Mas é um volume muito grande e nós fizemos uma curva de
projeção ainda no início, estamos na infância, e muita tecnologia a ser
evoluída. Tem ainda as empresas precisando entender isso. Eu até faria uma
analogia como o Big Data ser um tsunami. Em alto mar você não tem a percepção da
onda que vai chegar no litoral. Mas ela vem muito rápida e vem com um poder de
destruição muito grande. Para a maioria das empresas, Big Data ainda é um
tsunami em alto mar. Tem um alerta de tsunami, mas você não vê. Mas vai chegar.

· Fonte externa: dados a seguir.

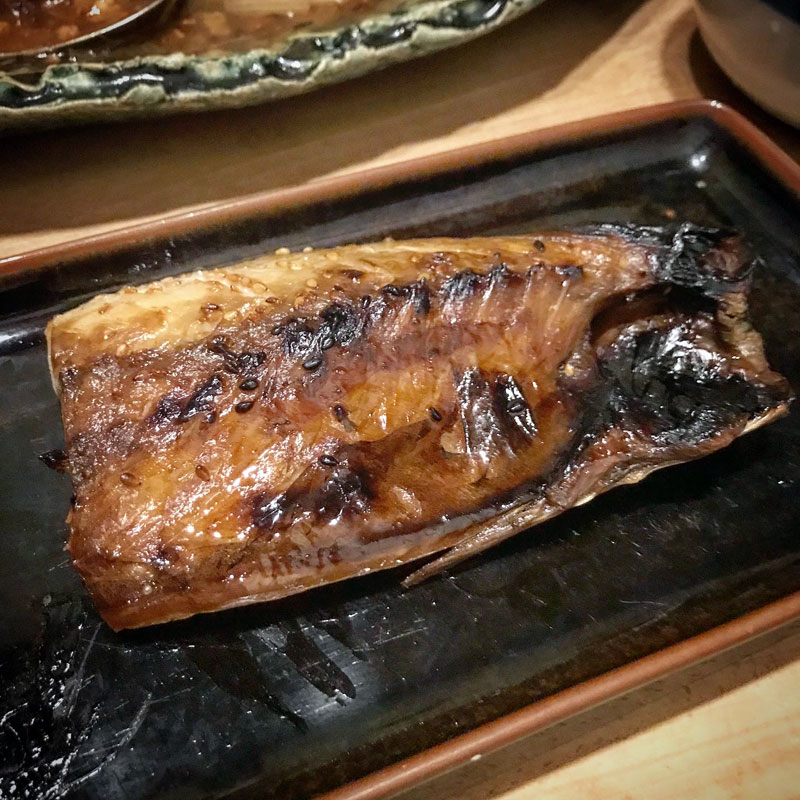 いただいた塩鯖の塩干魚は魚焼き名人のカミさんに焼いてもらう。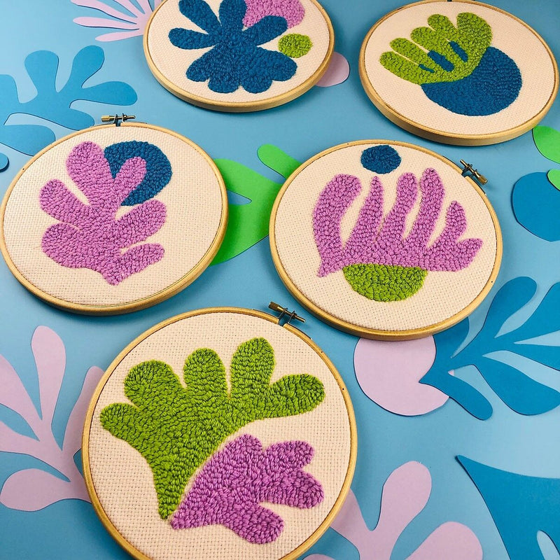 Punch Needle ist eine Art Stickerei, aber anstatt den Stoff zu nähen, stanzt man ihn. Es ist leicht zu erlernen, sorgt für sofortige Befriedigung und ist äußerst fesselnd. Das Muster dieses Punch Needle-Kits ist von Henri Matisse inspiriert.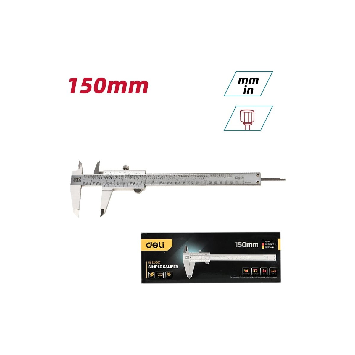 Штангенциркуль Deli DL92150C - это надежный и точный измерительный инструмент, который станет незаменимым помощником в любой мастерской или на производстве.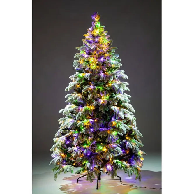 Ветви этой елки опутаны гирляндой, которая может работать в восьми разных режимах. Это красивое дерево сочетает традиционность и хайтек одновременно. Елка легко собирается, ветки надежно крепятся, а включенное дерево создает праздничную атмосферу.
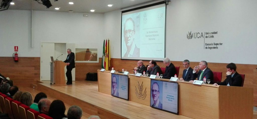 La Sociedad de Ingeniería de Fabricación ha organizado en la Escuela Superior de Ingeniería de la Universidad de Cádiz un acto de homenaje a Mariano Marcos Bárcena, fallecido hace unos meses y que fuera director y profesor del centro. El programa ha incluido una serie de conferencias y mesas redondas sobre las áreas de trabajo donde destacó el profesor Marcos Bárcena
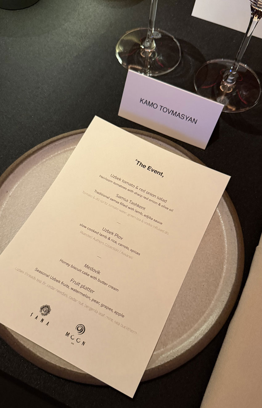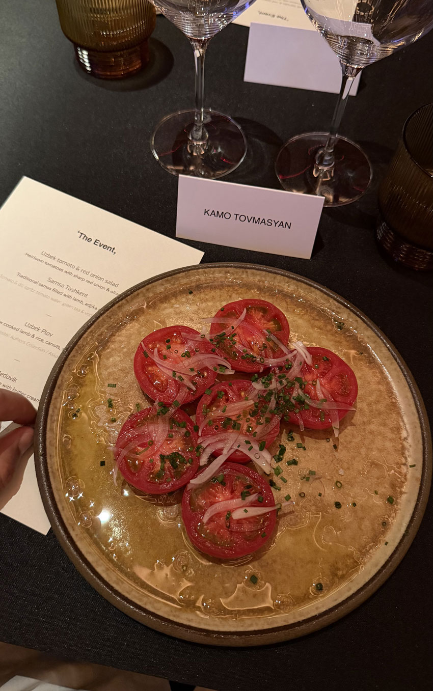 Դե, այստեղ արդեն ինքներդ կարող եք պատկերացնել՝ ուզբեկական խոհանոց, տարբեր կոկտեյլներ։ Կարծում եմ՝ շատերն այնտեղ սիրելի ուտեստներ կունենան՝ սկսած հայտնի ուզբեկական փլավից մինչ սամսա։ Իսկ մեդովիկը՝ ինչպես միշտ, ամեն տեղ մեդովիկ է․ անփոխարինելի կլասիկա։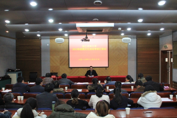 浙農林大新聞網訊 為進一步加強對我校校園文化活動的統籌規劃,提升校園文化活動的育人成效,12月30日,學校在活動中心視聽室202舉行2013年校園文化活動考核匯報會,校黨委副書記余杰出席匯報會,宣傳部、學工部、研工部、保衛處、團委等有關部門負責人及各二級學院分管學生工作負責人參加了匯報,匯報會由校園文化活動工作小組成員擔任評委。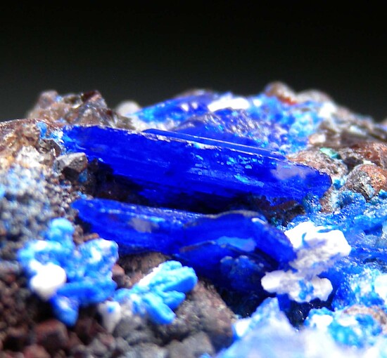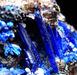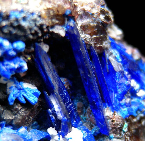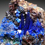 Well formed electric blue Linarite crystals that grew freely in a vug. The largest crystal is 1.1cm and shows transparency.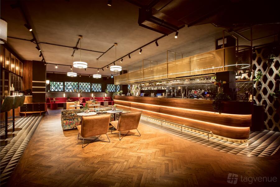 This concrete block design of the former car park has been re-created within the back bar where it forms a decorative back drop as well as practical drinks display. The concrete finish is offset against rich timber and brass panelling, plush velvet seating, polished timber floor and modern marble tiling.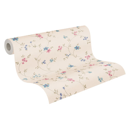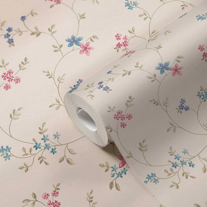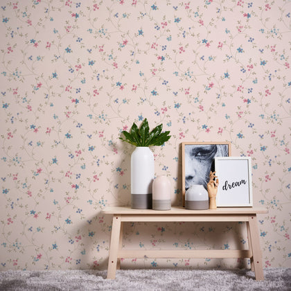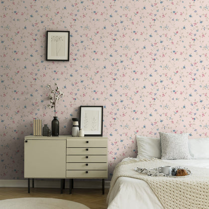 Ein helles Rosé bildet die Basis für ein feines Blütenmuster. Filigrane Ranken in zartem Grün und Blüten in Rosa und Blau erzeugen ein klassisches Motiv, das Wärme und Eleganz an deine Wand bringt.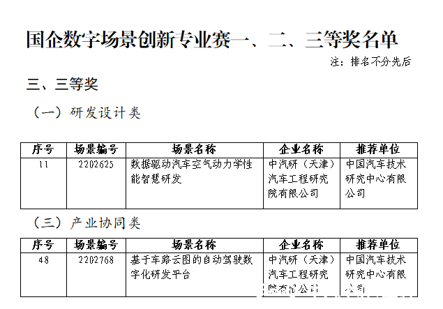 為深入貫徹落實黨中央、國務院關于加快數字化發展的決策部署,國務院國資委于2022年舉辦首屆“國企數字場景創新專業賽”。中汽研(天津)汽車工程研究院有限公司積極參與此項賽事,最終在兩個參賽場景斬獲佳績——《數據驅動汽車空氣動力學性能智慧研發》榮獲“研發設計類”賽段三等獎,《基于車路云圖的自動駕駛數字化研發平臺》榮獲“產業協同類”賽段三等獎。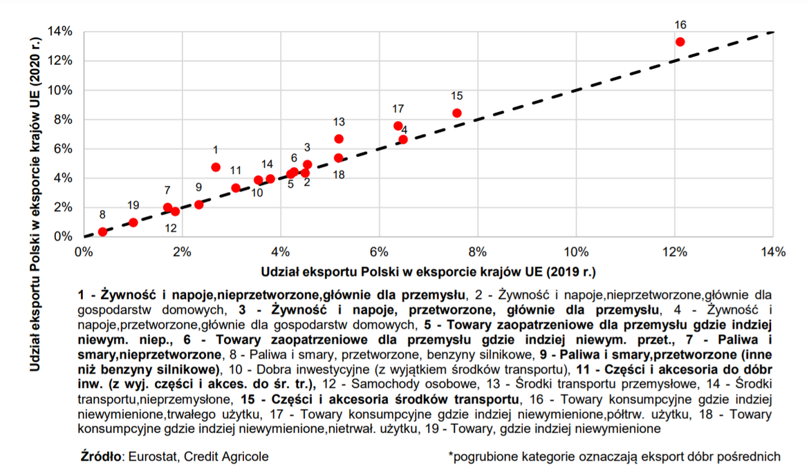 Z uwagi na trudną sytuację pandemiczną aktywności w poszczególnych segmentach eksportu Polski nie należy oceniać tylko bezpośrednio na podstawie jego tempa wzrostu, lecz również relatywnie na tle danych o handlu międzynarodowym w innych krajach UE. W tym celu obliczyliśmy udział eksportu Polski w łącznej wartości eksportu wszystkich krajów UE w różnych kategoriach wg klasyfikacji BEC w 2019 r. i 2020 r. Jeśli te odsetki zwiększyły się, to znaczy, że Polska radziła sobie relatywnie lepiej w handlu w danej grupie towarowej niż pozostałe kraje UE. Tendencje w tym zakresie przedstawiliśmy na wykresie. W kategoriach eksportu znajdujących się powyżej przerywanej linii udział Polski w całym eksporcie UE w 2020 r. zwiększył się względem 2019 r. Można zauważyć, że odsetki te zwiększyły się prawie we wszystkich segmentach eksportu. Wyjątkiem były żywność i napoje, nieprzetworzone, głównie dla gospodarstw domowych (nr 2 na wykresie), paliwa i smary, przetworzone, benzyny silnikowe (8 i 9), samochody osobowe (12) i towary gdzie indziej nie wymienione (19).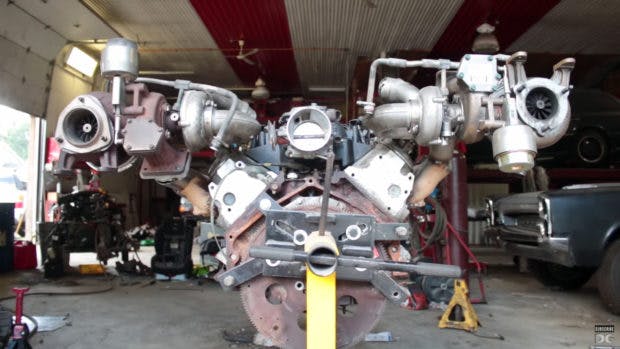 Rich’s team hopes to generate 700 to 800 horsepower from the Chevy V8 with help from those four turbochargers, which are in fact a pair of twin-turbo units borrowed from a Ford Powerstroke diesel engine.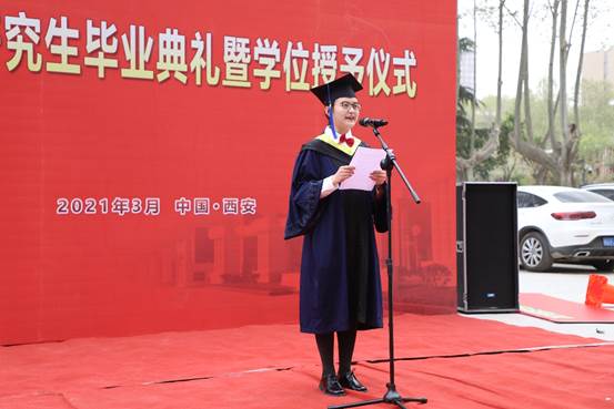 典礼伊始,全体起立奏唱国歌,接着,学院党委副书记(主持工作)刘朝亚老师宣读《关于表彰2021届研究生优秀毕业生的决定》,best365官网江仁政等38名硕士研究生、赵涛等6名博士研究生获得best365网页版登录官方网站2021年“优秀毕业生”荣誉称号,希望受表彰的同学在今后的学校和工作中再接再厉,勇做走在时代前列的奋进者、开拓者、奉献者,为母校争光添彩,为祖国建功立业。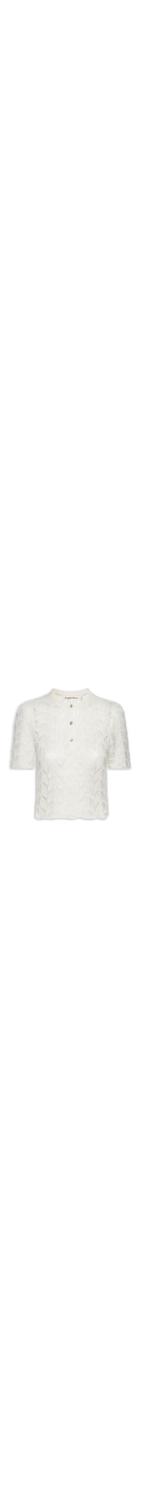 A blusa branca é confeccionada em tricot de média elasticidade. A peça solta ao corpo, possui gola portuguesa, mangas curtas, padronagem com trama aberta, leve transparência, acabamento das mangas e barra ondulado, comprimento cropped* e fechamento frontal por botões.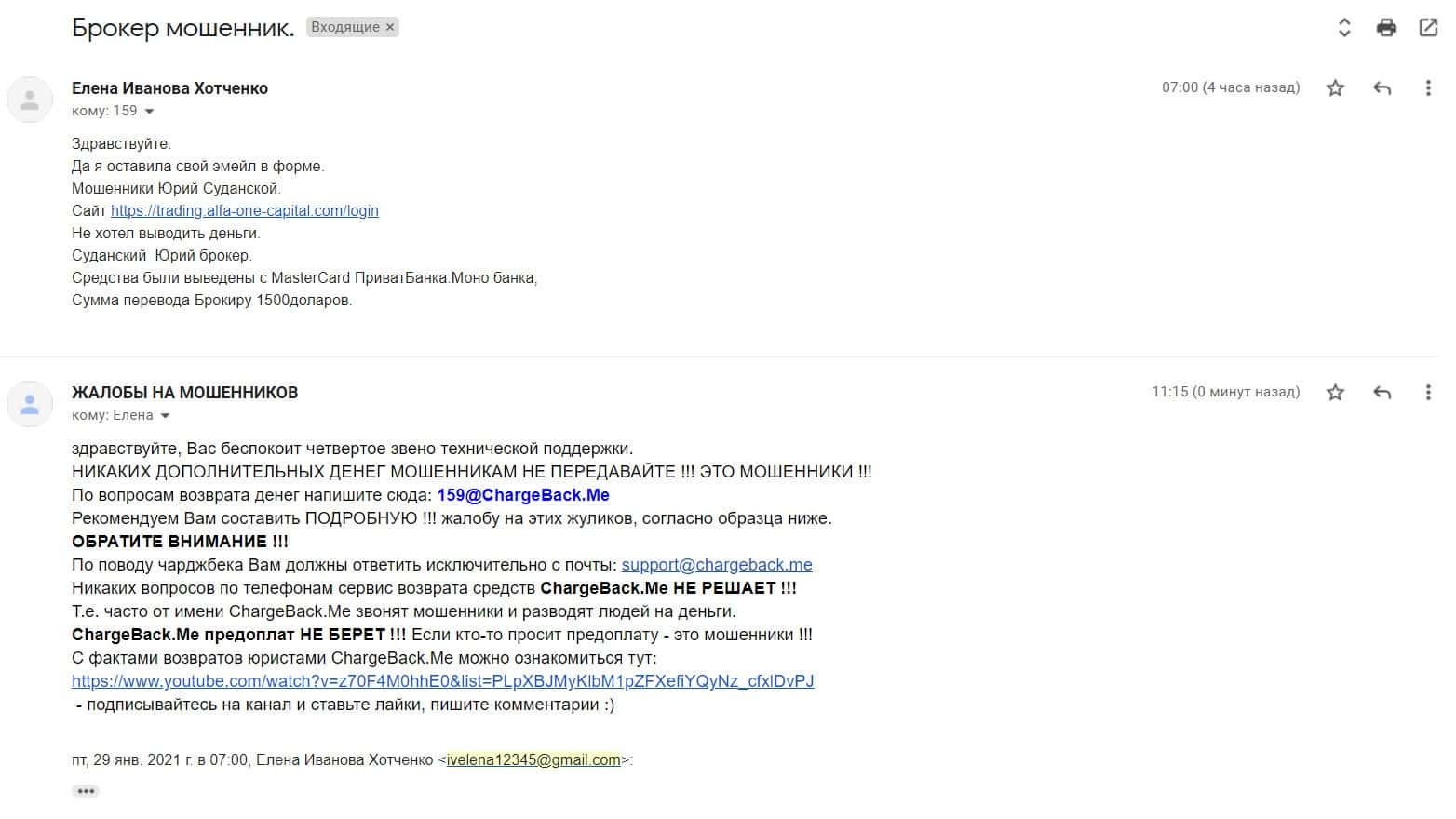 Ниже предоставлена жалоба на мошенническую организацию Alfa One Capital, которая не вывела денежные средства своему клиенту.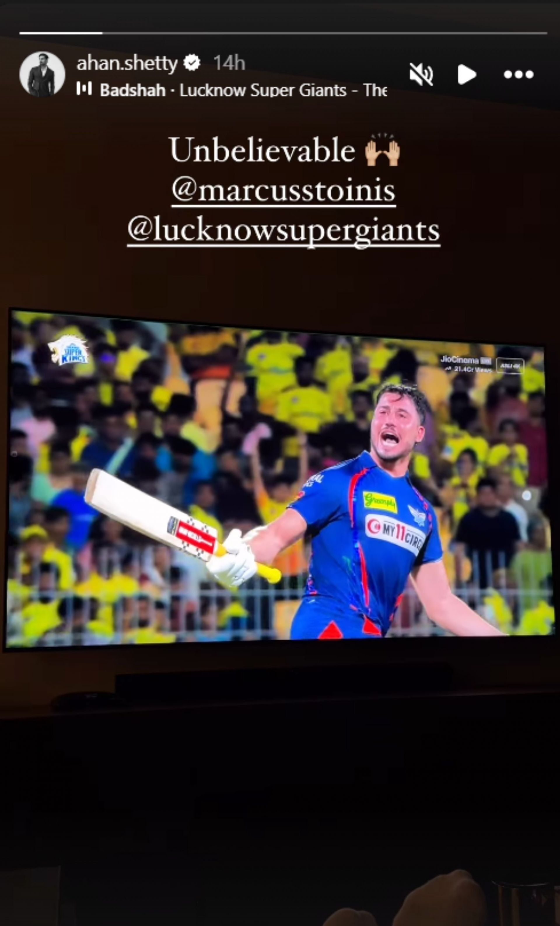 Her brother Ahan also shared a video of Marcus Stoinis running around in delight after hitting the winning runs and used unbelievable in the caption to describe his emotions.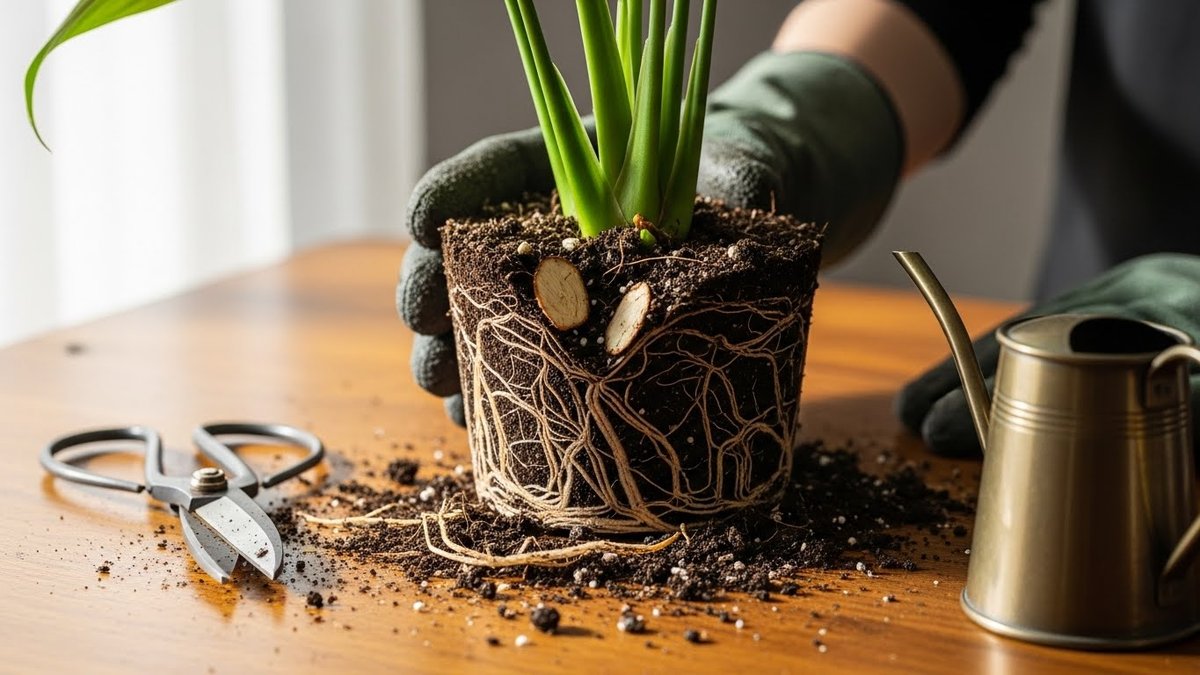 根の大半を失った場合は救命処置が必要です。まずダメージ部分を清潔にし、腐った根は取り除きます。排水性の高い清潔な培養土へ植え替え、余計な水分を避けながら保湿と通気を両立させます。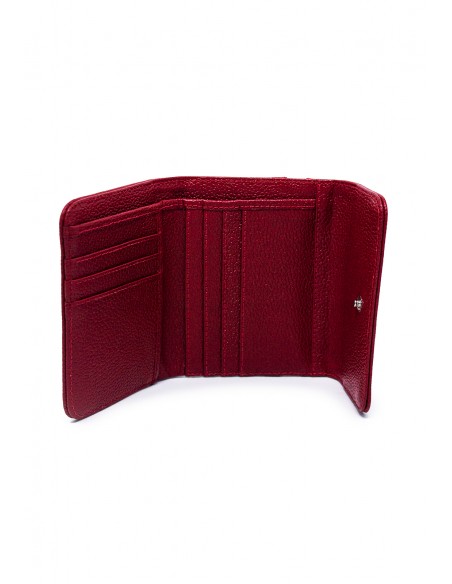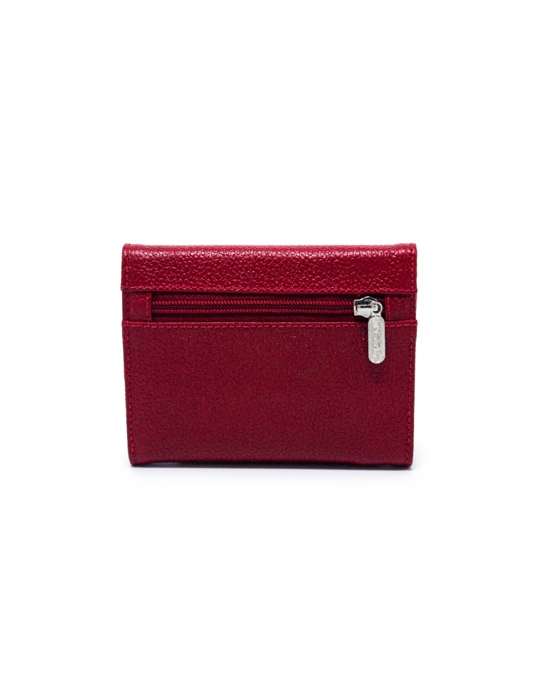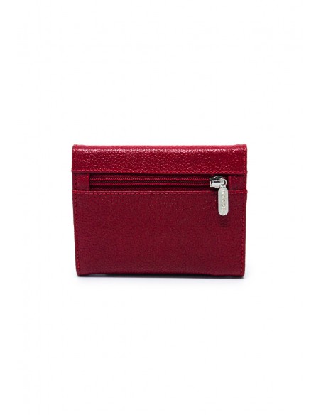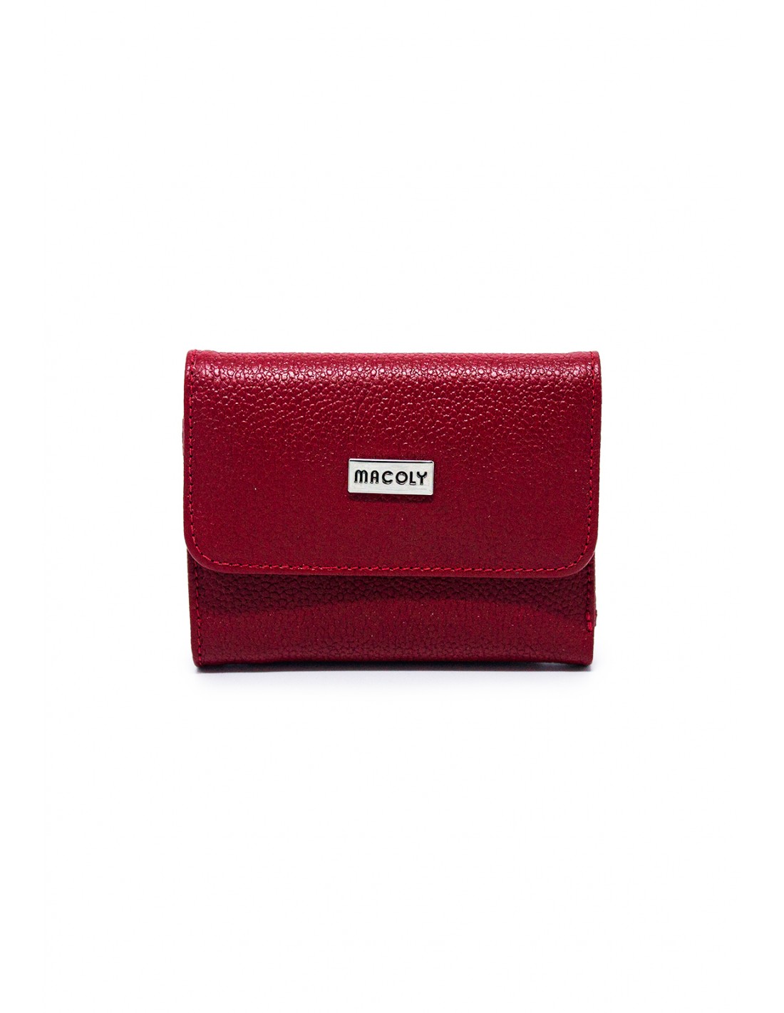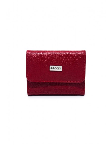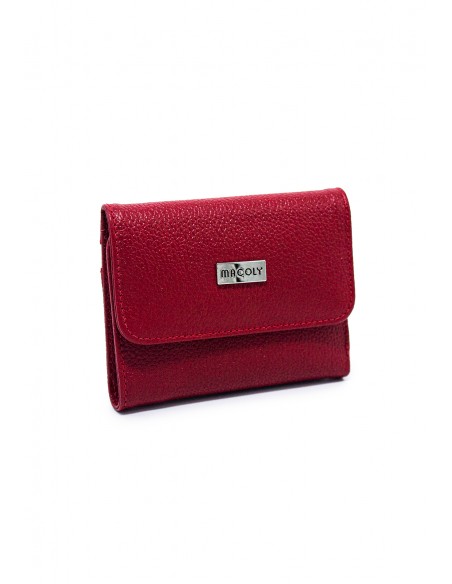 Billetera mini MACOLY. Esta elaborada en cuero, diseño casual con textura grabada, Detalles alusivos a la marca y finas costuras visibles. Tiene compartimientos internos para tarjetas y/o documentos, bolsillo posterior con cremallera y tapa con broche.

– Todo dia abre-se uma nova empresa com um
novo algoritmo específico destinado a analisar os dados?

É
interessante essa sua pergunta porque eu estava exatamente essa semana fazendo
uma pesquisa sobre investimentos nos Estados Unidos e uma parcela significativa
dos investimentos venture capitalist dos Estados Unidos estão hoje concentrados
em iniciativas de Big Data. Eu acho que hoje é top priority, prioridade máxima
dos investidores em tecnologia são empresas de Big Data.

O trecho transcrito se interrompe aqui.